See Stein v. United States, 62 F. Supp. 568, 104 Ct.Cl. 446, 455.
In considering the particular facts of the instant case, the important question is whether all of the facts flowing from the February 1950 agreement are relevant, or whether the June 1, 1950 redemption and payment is the only relevant fact. If the June 1 transaction alone is regarded, equivalence is obvious. The corporation has distributed $80,000 of accumulated earnings to its shareholders, pro rata. It has reduced the number of its shares from 2,400 to 1,600, but the Bains trust still owns one-half of the shares, the Godfrey trust one-fourth, and Barger one-fourth. The resemblance to the distribution of a dividend is quite perfect.
If, however, we look at the three steps which were agreed to in February 1950, of which the June 1 redemption was step No. (1), which step, we may assume, would not have been permitted by the Godfrey and Barger interests except for the Bains agreement to the other two steps, the resemblance to the distribution of a dividend disappears.
When the June 1 redemption occurred, it was certain, according to the agreement of the parties, that the Bains trust, instead of retaining one-half the stock and a negative controlling interest in the corporation, would shortly own one-fourth of the stock and be a minority stockholder. And it was equally agreed that, in due course, the Bains trust would have no interest whatever in the corporation; would be as completely eliminated as if it had sold its stock to an outsider. The controlling interest would be in the Godfrey trust and the Godfrey individuals; the Godfrey sons would have the management of the corporation.
If then, we look at the June 1 redemption as a part of an agreed series of steps, which steps were carried through as planned, with one minor variance, the redemption no longer looks like a peaceful process of getting accumulated earnings into the hands of the stockholders on a pro rata basis. It looks, rather, like the beginning of a revolution in the affairs and status of the corporation, which when the revolution is complete, will mean that the corporation has largely new owners and entirely new management.
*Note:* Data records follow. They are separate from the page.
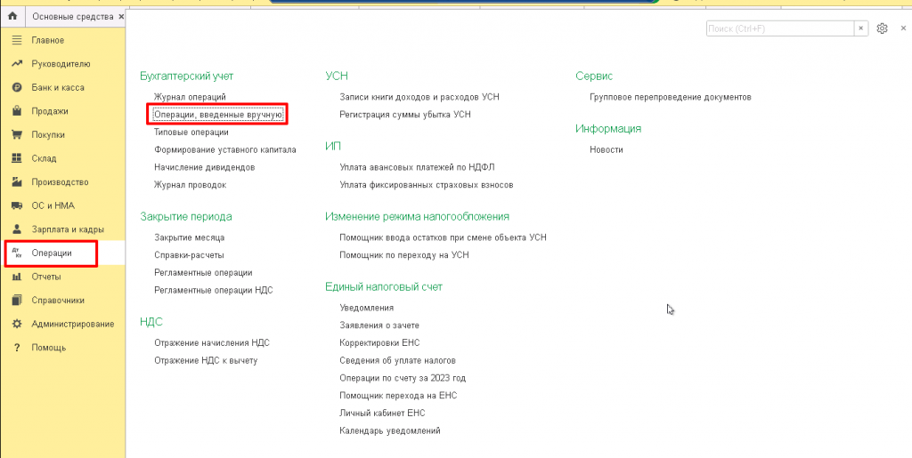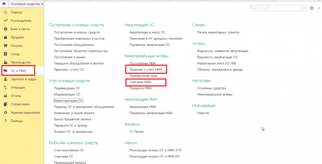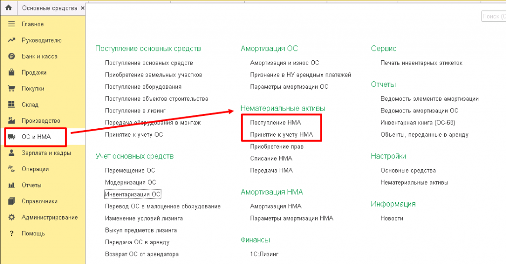 Обработка данных: Перейдите в журналы Поступление НМА и Принятие к учету НМА →. Инвентаризация НМА: Стандартный документ отсутствует, однако можно создать аналог в режиме Конфигуратор.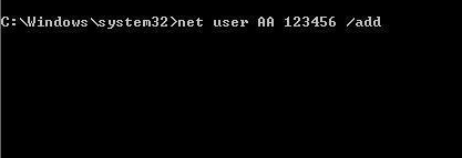 2、接着在弹出命令窗口输入“net user AA 123456 /add”回车确定之后我们就可以使用123456作为密码登录了。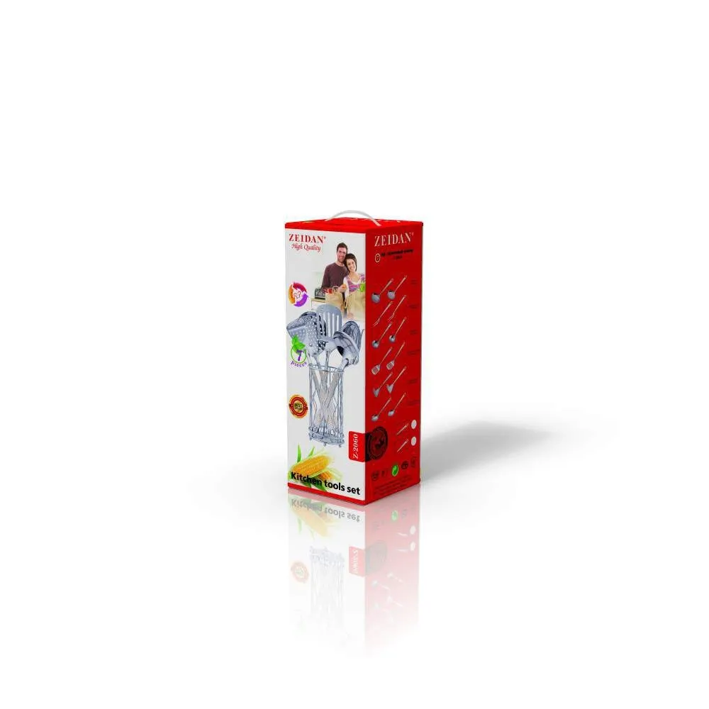 Комплектация: лопатка с прорезями, шумовка, половник, картофелемялка, поварская ложка, поварская вилка, коробка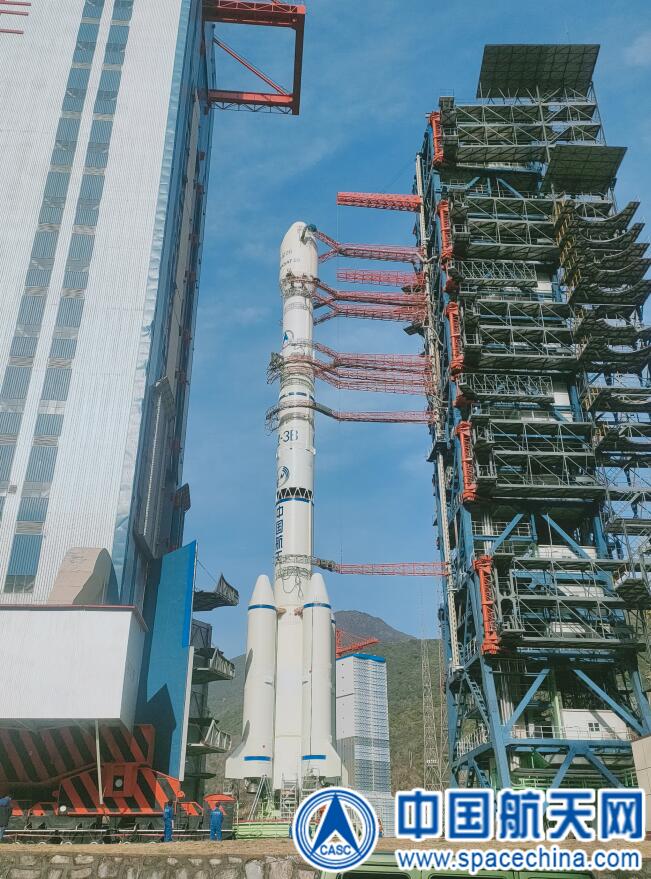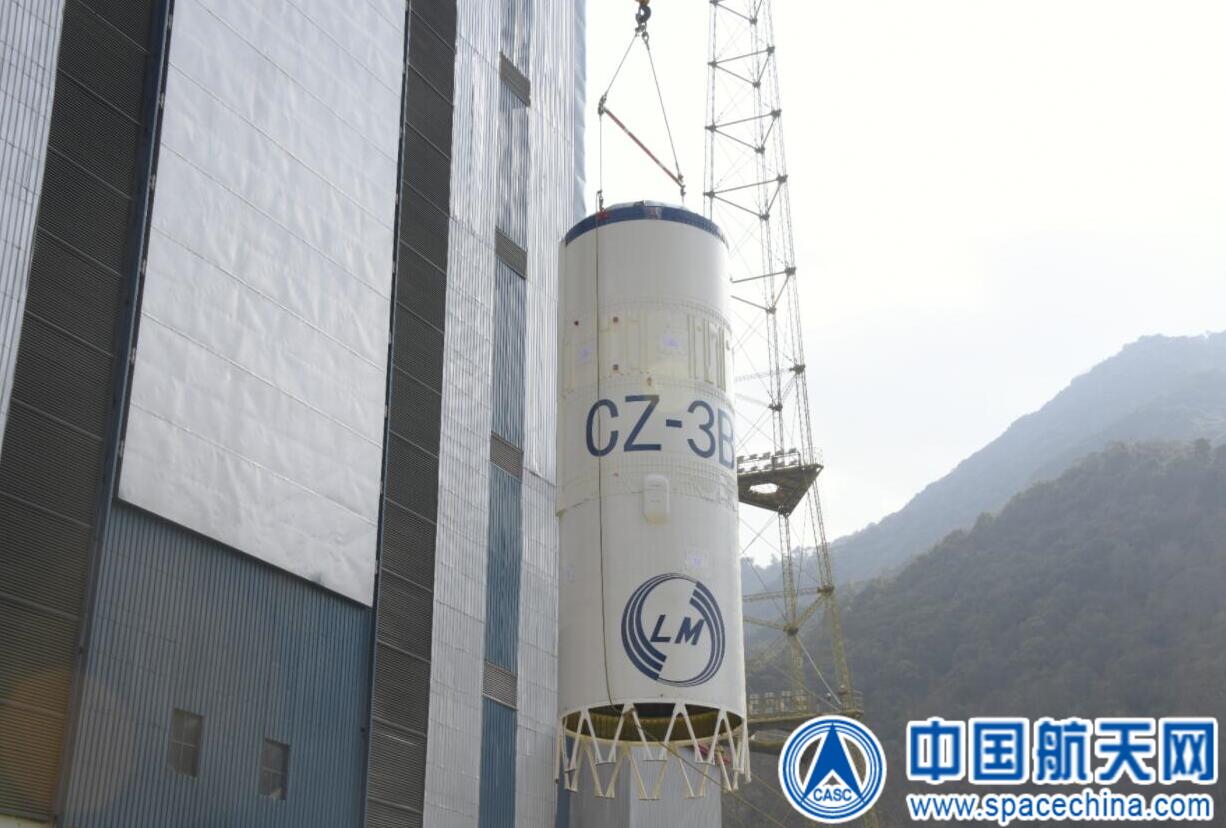 執(zhí)行本次任務(wù)的長(zhǎng)三乙火箭由航天科技集團(tuán)一院抓總研制,采用長(zhǎng)三甲系列火箭統(tǒng)一構(gòu)型設(shè)計(jì)思路,采用4000F整流罩。該狀態(tài)火箭全長(zhǎng)56.326米,全箭起飛質(zhì)量約456噸。

In the case of Smith v. United States, 130 F. Supp. 586, 131 Ct.Cl. 748, this court held, in a case somewhat comparable to the instant one, that the distribution there in question was not equivalent to a taxable dividend. In Atlantic City Electric Co. v. United States, 161 F. Supp. 811, 142 Ct.Cl. 519, and Idaho Power Co. v. United States, 161 F. Supp. 807, 142 Ct.Cl. 534, we held, under another statute raising a similar problem, that the distributions there involved were not equivalent to dividends. In the instant case we conclude that, considering the transaction as a whole, there is not the equivalence at which section 115(g) is directed. Section 115(c) accords capital gains treatment to amounts distributed in partial liquidation, and section 115(g) is in the nature of an exception to the generalization. We see no reason why the exception should be given an expansive interpretation, resulting in the finding of equivalence where it is not fairly apparent.
The plaintiffs are entitled to recover, with interest as provided by law, and judgment will be entered to that effect. The amount of recovery will be determined pursuant to Rule 38(c), 28 U.S.C.A.
It is so ordered.
JONES, Chief Judge, and DURFEE, LARAMORE and WHITAKER, Judges, concur.